On the go: Managing climate change is now “business as usual” for pension funds, while other factors surrounding political instability have diminished in importance, Tim Manuel, co-head of responsible investment at Aon, told the Pensions and Lifetime Savings Association’s annual conference.

During a discussion on Wednesday about accelerating action on climate change, Manuel said that findings from Aon’s 2021 Global Responsible Investing Survey, due to be released in October, revealed an across-the-board rise in climate awareness, but “complex global issues” are also permeating schemes’ decision-making processes.

He said an increased sentiment around member engagement was a leading cause as to why schemes were investing responsibly, with 40 per cent of UK pension plans identifying it as a leading driver of their sustainable policies — almost twice the rate as seen in 2019’s report.

Manuel said that this finding “struck a chord” with him, as it revealed an “important move forward in sentiment”, and an “acknowledgement of the ultimate ownership that trustees have for all decisions, but also the power that trustees have to instigate change”.

“Sentiment translates into more clear intentions, and increasingly actions,” he added.

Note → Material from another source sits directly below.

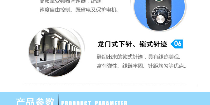 產品簡介:本機所縫的鎖式針跡,具有線跡美觀、富有彈性、線鏈牢固、針距均勻等優點。把易 損易壞的部件改換耐磨材料,克服不易調整、維修的缺點,增加電控系統,使機器更好操 作等特點。
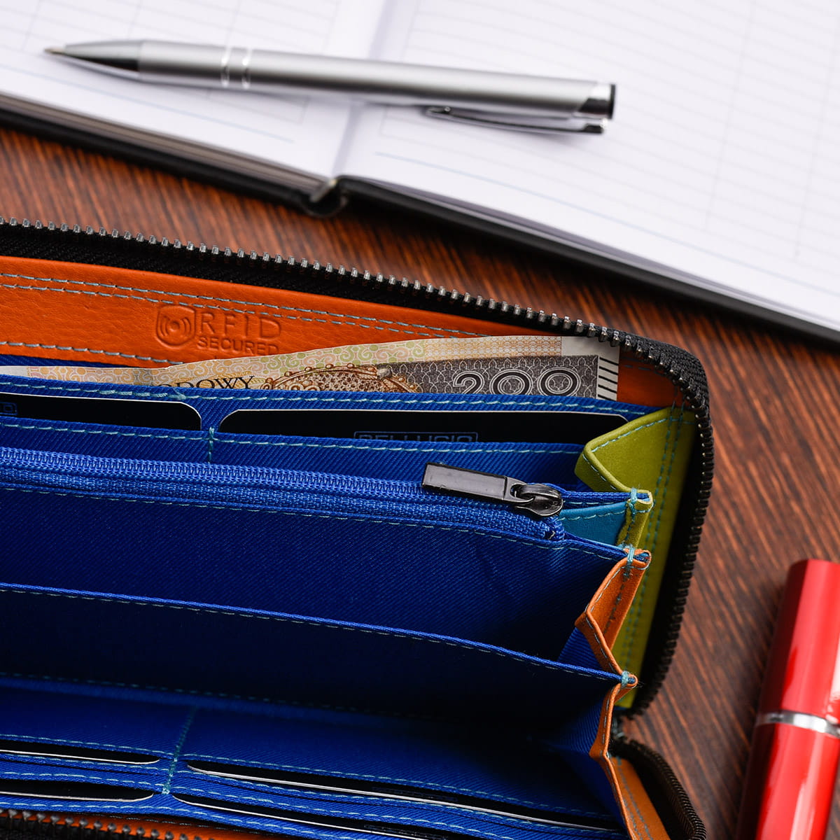 Dla zwiększenia bezpieczeństwa, portfel wyposażono w technologię RFID Secure, która skutecznie chroni dane zapisane na kartach zbliżeniowych przed nieautoryzowanym odczytem.

The data also revealed a rise in the number of schemes that see responsible investing as a tool that will lead to better risk-adjusted returns (65 per cent), and that their investment decisions will make a positive social or environmental impact (44 per cent).

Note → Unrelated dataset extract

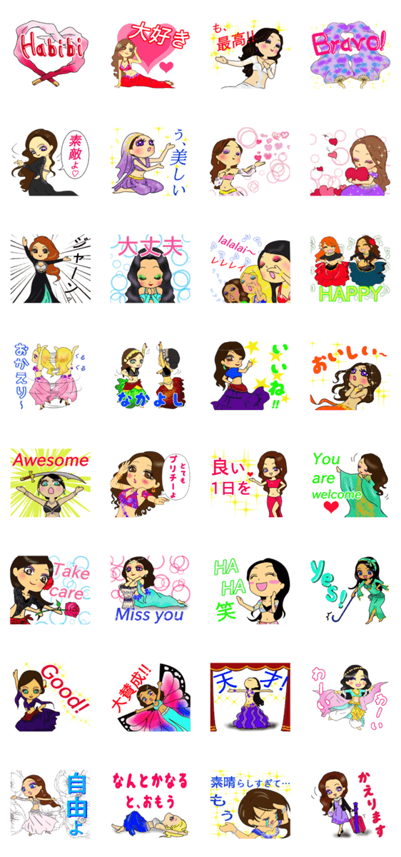 ベリーダンスのスタンプです。 前向きな表現を、多数集めました。 ダンス仲間や、素敵な人を褒めたい時にピッタリ。毎日をハッピーに!

Of the 96 defined benefit and 25 defined contribution plans, Manuel noted that 20 per cent of them have already committed to a net-zero future, while a further 50 per cent had not made a commitment but were planning on doing so. The remaining respondents said they do not intend on making a net-zero pledge.

He said that the UK pensions industry could be in a position where more than two-thirds of schemes have committed to net-zero goals. “That would really transform the way our industry approaches our role in the transition,” he added.

Other concerns, including protectionism and nationalism, have “diminished substantially relative to 2019”, on the back of a changing political backdrop, but are still important factors for trustees to consider, he noted, adding he was surprised that health crises did not rank more highly.

And while the initial findings from the report indicate positive progress, Tegs Harding, director at Independent Trustee Services, and trustee director at Atos UK 2019 Pension Scheme, said it is important that trustees can vet fund managers on their sustainable commitments and net-zero pledges.

“Absolutely everybody will tell you that they do fantastic work in this area, and seeing through that can be quite hard,” she said.

She added that trustees should use their own data and metrics to interrogate information provided by fund managers, and doing so will be a “huge help” in being able to see through marketing materials.

“Rather than passively receive a presentation from a manager, actively interrogate them with the information that you want to see,” Harding said. She added that scrutinising net-zero commitments will become an increasing “obligation” for trustees on the back of greater regulation and member demand for accountability.

Trustees are “definitely going to have to find a governance model that works”, and which will allow them “to then find time to do this sort of activity”, she said.